:: About this task ::
Using only the entries below, output the lines starting at the one containing "ajour mandje mt." and ending at the one containing "Bảng giá sỉ", exactly and inclusive of both, omitting the pictures.

:: Records for the exercise ::
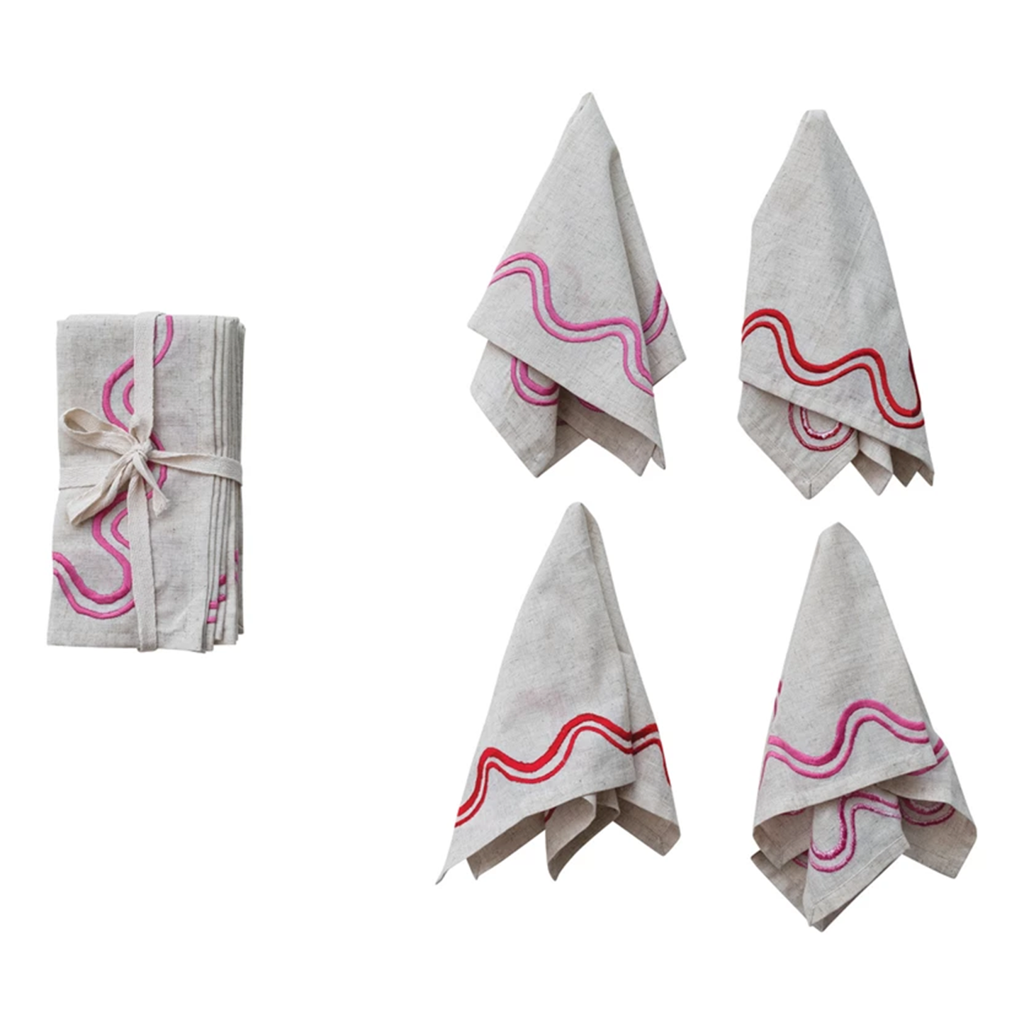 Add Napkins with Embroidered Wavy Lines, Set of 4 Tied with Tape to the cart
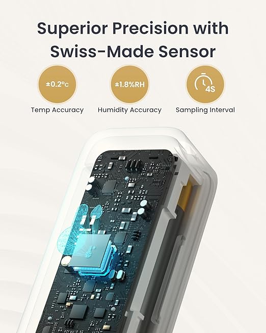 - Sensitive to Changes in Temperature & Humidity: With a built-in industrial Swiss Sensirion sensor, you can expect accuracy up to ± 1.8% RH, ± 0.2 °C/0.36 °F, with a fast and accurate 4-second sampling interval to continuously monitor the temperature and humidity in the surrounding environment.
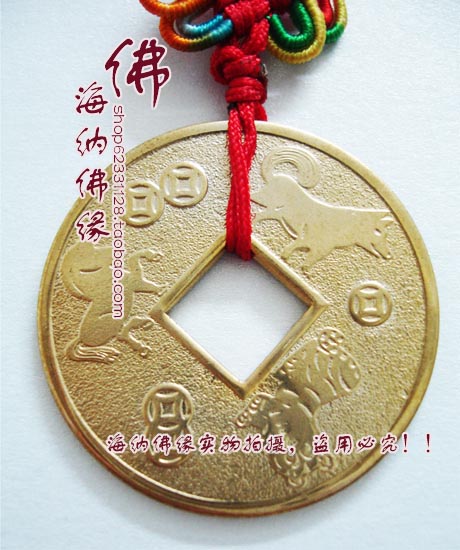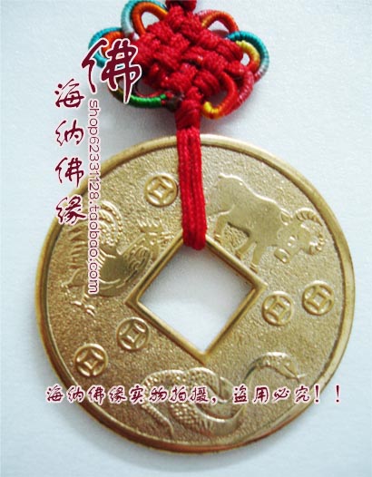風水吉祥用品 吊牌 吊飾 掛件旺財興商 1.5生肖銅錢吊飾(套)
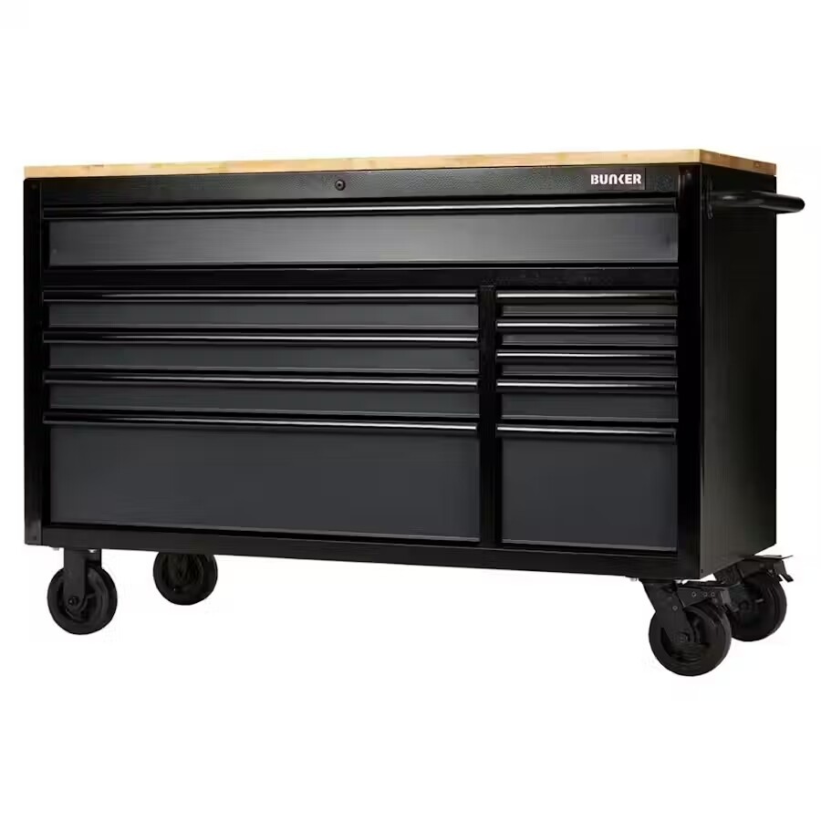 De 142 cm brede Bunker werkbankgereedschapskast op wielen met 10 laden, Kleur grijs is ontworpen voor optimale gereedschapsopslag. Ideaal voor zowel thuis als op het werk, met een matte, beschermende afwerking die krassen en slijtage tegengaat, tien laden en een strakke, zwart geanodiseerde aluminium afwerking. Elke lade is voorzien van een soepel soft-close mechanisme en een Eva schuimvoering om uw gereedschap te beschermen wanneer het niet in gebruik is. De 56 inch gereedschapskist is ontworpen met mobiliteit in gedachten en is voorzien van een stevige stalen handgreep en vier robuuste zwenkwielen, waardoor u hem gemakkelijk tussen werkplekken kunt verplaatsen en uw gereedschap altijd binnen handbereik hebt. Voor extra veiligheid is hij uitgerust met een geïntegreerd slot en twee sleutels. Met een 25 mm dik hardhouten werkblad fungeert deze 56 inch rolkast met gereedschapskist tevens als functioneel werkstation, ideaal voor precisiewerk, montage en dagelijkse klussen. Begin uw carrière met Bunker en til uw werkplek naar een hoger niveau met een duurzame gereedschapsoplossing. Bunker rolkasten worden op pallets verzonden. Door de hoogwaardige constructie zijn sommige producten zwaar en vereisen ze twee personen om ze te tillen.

--

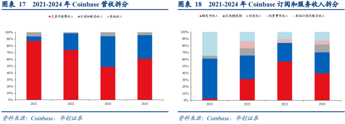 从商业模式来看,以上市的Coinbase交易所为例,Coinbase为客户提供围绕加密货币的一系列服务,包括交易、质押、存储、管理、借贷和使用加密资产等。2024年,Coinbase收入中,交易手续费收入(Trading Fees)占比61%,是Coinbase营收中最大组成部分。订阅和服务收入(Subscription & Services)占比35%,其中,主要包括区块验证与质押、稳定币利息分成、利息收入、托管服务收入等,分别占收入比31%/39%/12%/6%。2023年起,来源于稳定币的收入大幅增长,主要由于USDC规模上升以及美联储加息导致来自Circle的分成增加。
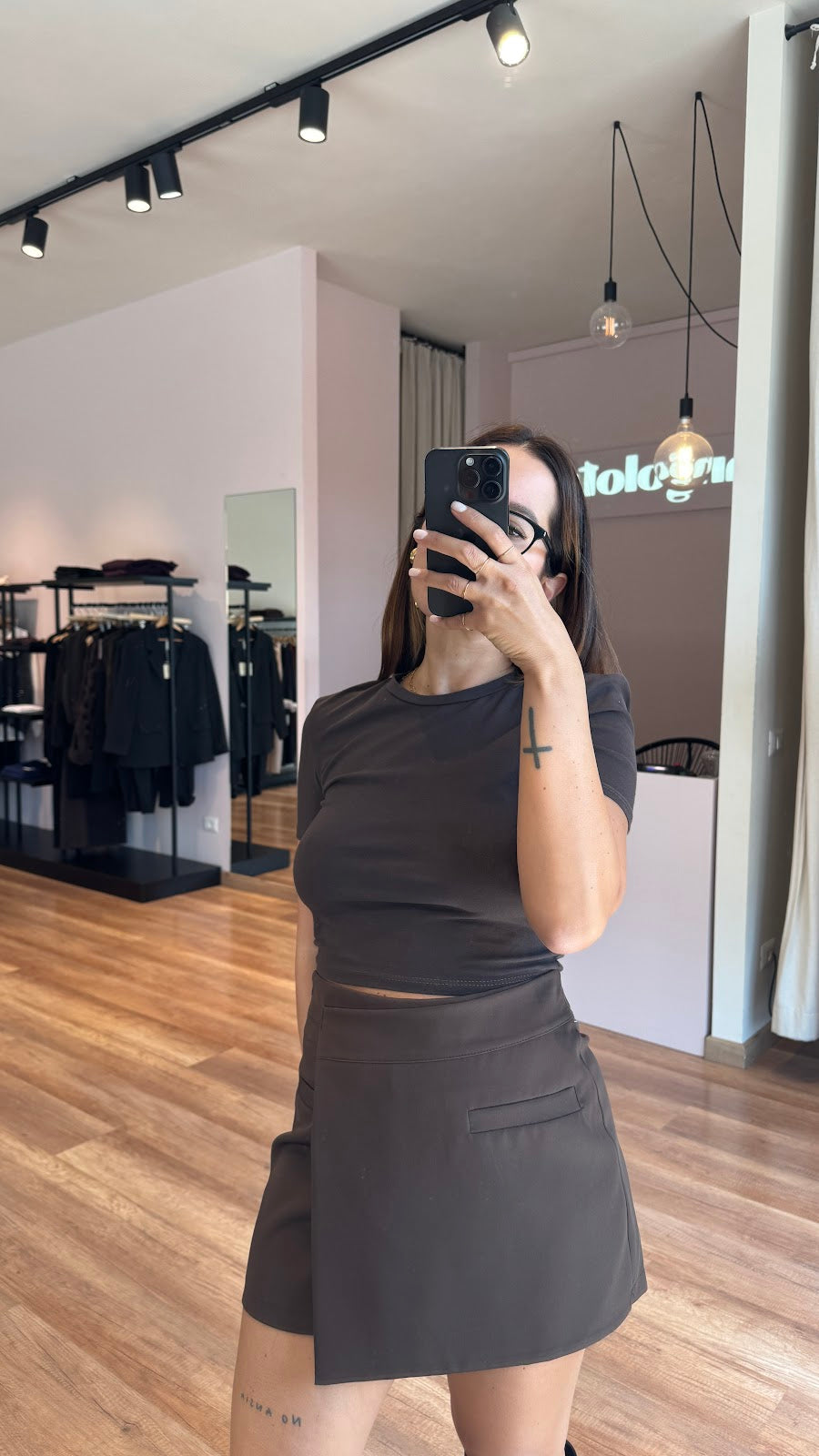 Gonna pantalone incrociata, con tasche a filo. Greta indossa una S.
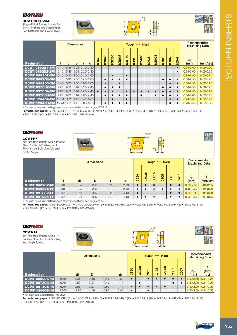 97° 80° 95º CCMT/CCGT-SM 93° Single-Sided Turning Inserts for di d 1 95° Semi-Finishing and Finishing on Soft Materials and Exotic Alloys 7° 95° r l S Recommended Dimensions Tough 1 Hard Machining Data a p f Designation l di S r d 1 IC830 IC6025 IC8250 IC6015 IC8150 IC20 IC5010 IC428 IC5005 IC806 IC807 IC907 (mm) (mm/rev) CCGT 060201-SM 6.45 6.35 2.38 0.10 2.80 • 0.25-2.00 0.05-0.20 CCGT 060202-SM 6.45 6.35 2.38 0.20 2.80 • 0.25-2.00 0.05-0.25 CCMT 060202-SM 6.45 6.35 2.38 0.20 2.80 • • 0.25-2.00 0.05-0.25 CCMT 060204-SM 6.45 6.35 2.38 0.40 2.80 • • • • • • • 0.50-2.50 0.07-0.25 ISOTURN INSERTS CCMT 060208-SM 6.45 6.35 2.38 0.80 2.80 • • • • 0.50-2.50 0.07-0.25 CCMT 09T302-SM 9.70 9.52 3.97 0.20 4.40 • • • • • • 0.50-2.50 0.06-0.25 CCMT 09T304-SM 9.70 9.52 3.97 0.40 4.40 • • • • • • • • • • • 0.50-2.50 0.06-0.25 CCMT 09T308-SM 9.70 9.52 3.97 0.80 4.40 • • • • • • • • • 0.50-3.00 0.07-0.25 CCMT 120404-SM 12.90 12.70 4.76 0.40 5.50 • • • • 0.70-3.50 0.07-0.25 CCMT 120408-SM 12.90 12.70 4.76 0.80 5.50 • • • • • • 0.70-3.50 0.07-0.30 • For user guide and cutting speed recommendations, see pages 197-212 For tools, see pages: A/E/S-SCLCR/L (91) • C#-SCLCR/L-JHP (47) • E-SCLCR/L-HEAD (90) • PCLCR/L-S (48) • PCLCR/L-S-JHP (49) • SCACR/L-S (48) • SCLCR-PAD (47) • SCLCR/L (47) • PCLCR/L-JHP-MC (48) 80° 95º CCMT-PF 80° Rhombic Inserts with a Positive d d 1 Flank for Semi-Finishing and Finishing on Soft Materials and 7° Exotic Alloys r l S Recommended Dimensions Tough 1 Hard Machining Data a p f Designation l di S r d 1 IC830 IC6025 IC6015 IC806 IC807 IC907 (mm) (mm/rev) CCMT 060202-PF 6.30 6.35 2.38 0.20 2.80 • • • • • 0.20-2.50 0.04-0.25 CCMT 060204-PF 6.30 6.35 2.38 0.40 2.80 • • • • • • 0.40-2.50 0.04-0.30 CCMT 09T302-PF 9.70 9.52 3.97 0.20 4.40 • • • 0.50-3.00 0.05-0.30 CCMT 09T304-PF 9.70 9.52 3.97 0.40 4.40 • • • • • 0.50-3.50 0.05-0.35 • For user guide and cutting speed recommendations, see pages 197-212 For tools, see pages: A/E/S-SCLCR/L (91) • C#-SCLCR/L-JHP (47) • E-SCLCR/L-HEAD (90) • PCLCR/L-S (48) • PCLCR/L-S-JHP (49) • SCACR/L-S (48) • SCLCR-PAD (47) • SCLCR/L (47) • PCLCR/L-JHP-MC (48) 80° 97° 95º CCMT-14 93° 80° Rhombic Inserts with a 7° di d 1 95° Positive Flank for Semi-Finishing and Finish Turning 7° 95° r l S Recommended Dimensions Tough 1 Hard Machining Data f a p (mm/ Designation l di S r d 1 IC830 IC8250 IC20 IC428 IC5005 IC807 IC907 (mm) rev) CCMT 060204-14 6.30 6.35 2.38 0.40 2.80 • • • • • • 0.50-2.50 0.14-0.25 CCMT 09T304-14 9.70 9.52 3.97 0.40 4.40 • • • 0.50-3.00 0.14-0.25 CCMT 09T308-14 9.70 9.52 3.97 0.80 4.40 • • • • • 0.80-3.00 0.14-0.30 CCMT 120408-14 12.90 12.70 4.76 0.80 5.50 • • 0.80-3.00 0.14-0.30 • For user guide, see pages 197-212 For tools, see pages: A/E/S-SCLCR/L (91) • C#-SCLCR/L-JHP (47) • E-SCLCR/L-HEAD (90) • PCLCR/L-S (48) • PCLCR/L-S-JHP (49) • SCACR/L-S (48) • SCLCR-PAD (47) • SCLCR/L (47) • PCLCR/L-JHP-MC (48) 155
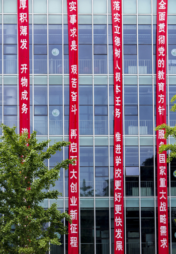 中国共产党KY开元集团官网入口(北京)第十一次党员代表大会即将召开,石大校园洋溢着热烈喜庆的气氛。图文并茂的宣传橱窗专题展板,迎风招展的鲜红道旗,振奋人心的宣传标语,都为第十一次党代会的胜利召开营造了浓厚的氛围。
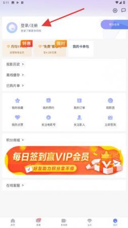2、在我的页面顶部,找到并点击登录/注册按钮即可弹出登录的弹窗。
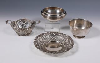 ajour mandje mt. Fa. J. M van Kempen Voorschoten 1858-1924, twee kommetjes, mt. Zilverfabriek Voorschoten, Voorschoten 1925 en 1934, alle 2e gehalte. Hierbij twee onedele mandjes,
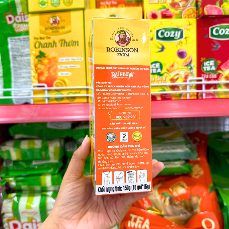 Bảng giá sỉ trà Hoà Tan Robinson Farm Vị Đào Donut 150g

:: Written answer ::
 ajour mandje mt. Fa. J. M van Kempen Voorschoten 1858-1924, twee kommetjes, mt. Zilverfabriek Voorschoten, Voorschoten 1925 en 1934, alle 2e gehalte. Hierbij twee onedele mandjes,
 Bảng giá sỉ trà Hoà Tan Robinson Farm Vị Đào Donut 150g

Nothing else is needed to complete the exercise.